Seconding clearlynuts . Some bosses love to phrase their requests such that it seem like they're on your side, when in reality it's just a way of getting what they want.
posted by Meagan at 6:01 AM on June 9, 2006

I had virtually the same conversation with my boss at my last job. I then proceeded to raise holy hell amongst my team to find out which one of them had complained - especially given that while I came in late, I was present for all of core hours (10-4) while the people who came in early (6-2) were not. I found out that none of them had complained, and it was just that my boss didn't like it.

Given that I had corporate policy on my side, I just kept coming in at 10 and working til 7.
posted by jacquilynne at 7:15 AM on June 9, 2006

When I worked a project at a US government agency, the rule was to schedule meetings only between 10 am and 2 pm, Tuesday through Thursday, if you wanted to make sure that everyone would be there. Once I went to somebody's office at 10:30 AM on a Friday, only to be told that he had taken a half-day - meaning 6 AM to 10 AM.

But I digress. You work in the private sector. 8 to 4 is to the Midwest what 9 to 5 is to the East. As was said above, there is mounting pressure to coordinate with New York financial markets.

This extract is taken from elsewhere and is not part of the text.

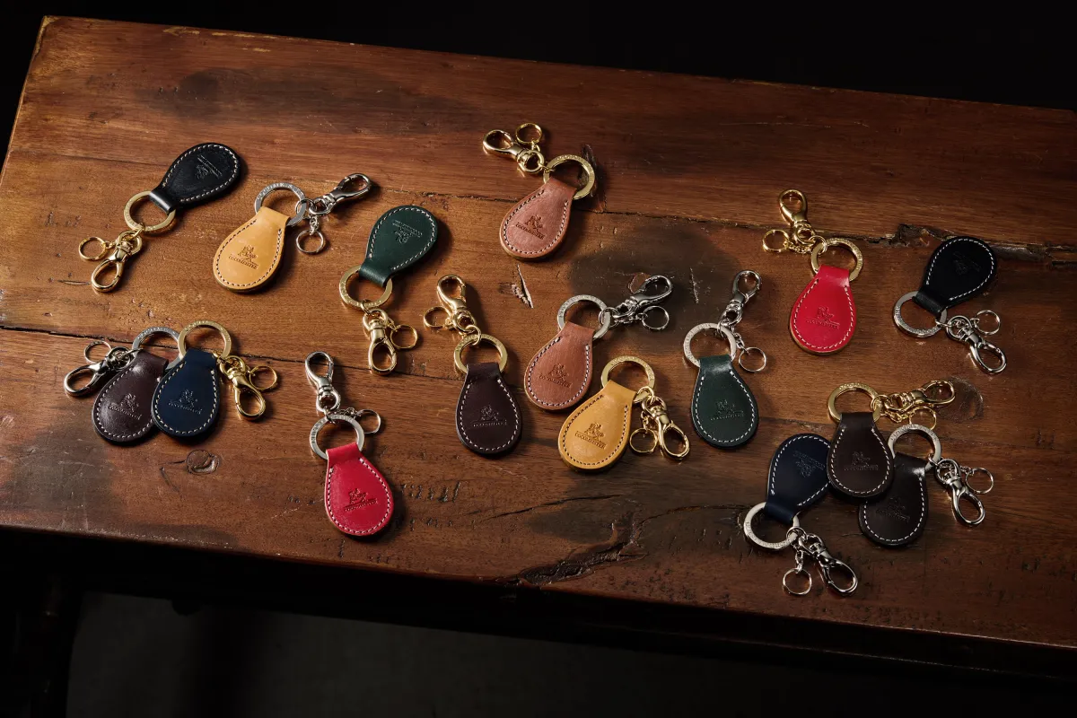 このキーリングは、英国で1,000年以上の歴史を持つ高級馬具用革「ブライドルレザー」を使用。伝統技術により、繊維の奥にロウを浸透させることで、高い強度と美しい光沢を実現しています。この重厚感と上品さは、英国文化の気品を感じさせるものです。

That, and the growing popularity of "parents hours," means that more and more stuff is happening before 9 AM.

Consider moving to New York or Boston and becoming a corporate lawyer or investment banker - there, nobody cares when you come in, it's all about how late you stay.
posted by Saucy Intruder at 7:35 AM on June 9, 2006

Earlybirds are a self righteous bunch, equating folks who start later as lazy no matter how many more hours the late starters work.
posted by zeoslap at 8:23 AM on June 9, 2006

Here in CA, they sure can. I had a salaried desktop support/sysadmin, and most of the employees would come in at 10-12. except that my new boss demanded that I be there at 8am to tend to the frequent Outlook problems that the controller (the only Outlook user in the company, too) would have. So I got up ass early, got on a crowded train at 7am, just so I'd be there at 8am to help the one user that insisted she also start work at 8am and insisted on using Outlook.
Yes, it sucked ass. And sadly, yes, it was legal. So were the late evening calls from the engineers. And the weekend work.

/is happy he no longer has that job.